Dimensionality Reduction Considered Harmful (Some of the Time)
Hyeon Jeon
TL;DR
This work investigates how dimensionality reduction (DR) orderences in visual analytics can produce unreliable conclusions and proposes concrete remedies. It identifies three core reliability challenges—misuse of t-SNE/UMAP for inappropriate tasks, hyperparameter cherry-picking, and erroneous interactions—driven by distortion-prone projections and biased evaluation metrics.
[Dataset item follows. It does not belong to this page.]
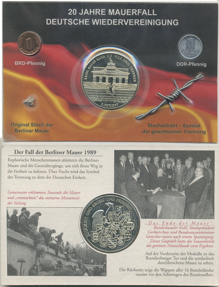 ГЕРМАНИЯ НАБОР ИЗ 2 МОНЕТ И МЕДАЛИ 2009 ОРИГИНАЛЬНЫЙ НАБОР В КАРТОННОМ БУКЛЕТЕ ПОСВЯЩЕННЫЙ 20- ЛЕТИЮ СНОСА БЕРЛИНСКОЙ СТЕНЫ, И НАРОДНОМУ ЕДИНСТВУ, СОДЕРЖИТ 1 ПФЕННИГ ФРГ И 1 ПФЕННИГ ГДР, ЖЕТОН 9 НОЯБРЯ 1989 ГОДА СО СНЕСЁННОЙ БЕРЛИНСКОЙ СТЕНОЙ НА ФОНЕ БРАН

The contributions include (i) Label-Trustworthiness and Label-Continuity for label-based evaluation that mitigates overemphasis on class separability, (ii) a dataset-adaptive DR optimization workflow using structural complexity metrics (Pds and Mnc) to accelerate hyperparameter search and selection, and (iii) distortion-aware brushing to robustly locate high-dimensional clusters despite projection distortions. Together, these developments aim to make DR-enabled visual analytics more trustworthy, reproducible, and efficient, with practical impact on how practitioners select DR techniques, tune parameters, and interact with projections.
Abstract
Visual analytics now plays a central role in decision-making across diverse disciplines, but it can be unreliable: the knowledge or insights derived from the analysis may not accurately reflect the underlying data. In this dissertation, we improve the reliability of visual analytics with a focus on dimensionality reduction (DR). DR techniques enable visual analysis of high-dimensional data by reducing it to two or three dimensions, but they inherently introduce errors that can compromise the reliability of visual analytics. To this end, I investigate reliability challenges that practitioners face when using DR for visual analytics. Then, I propose technical solutions to address these challenges, including new evaluation metrics, optimization strategies, and interaction techniques. We conclude the thesis by discussing how our contributions lay the foundation for achieving more reliable visual analytics practices.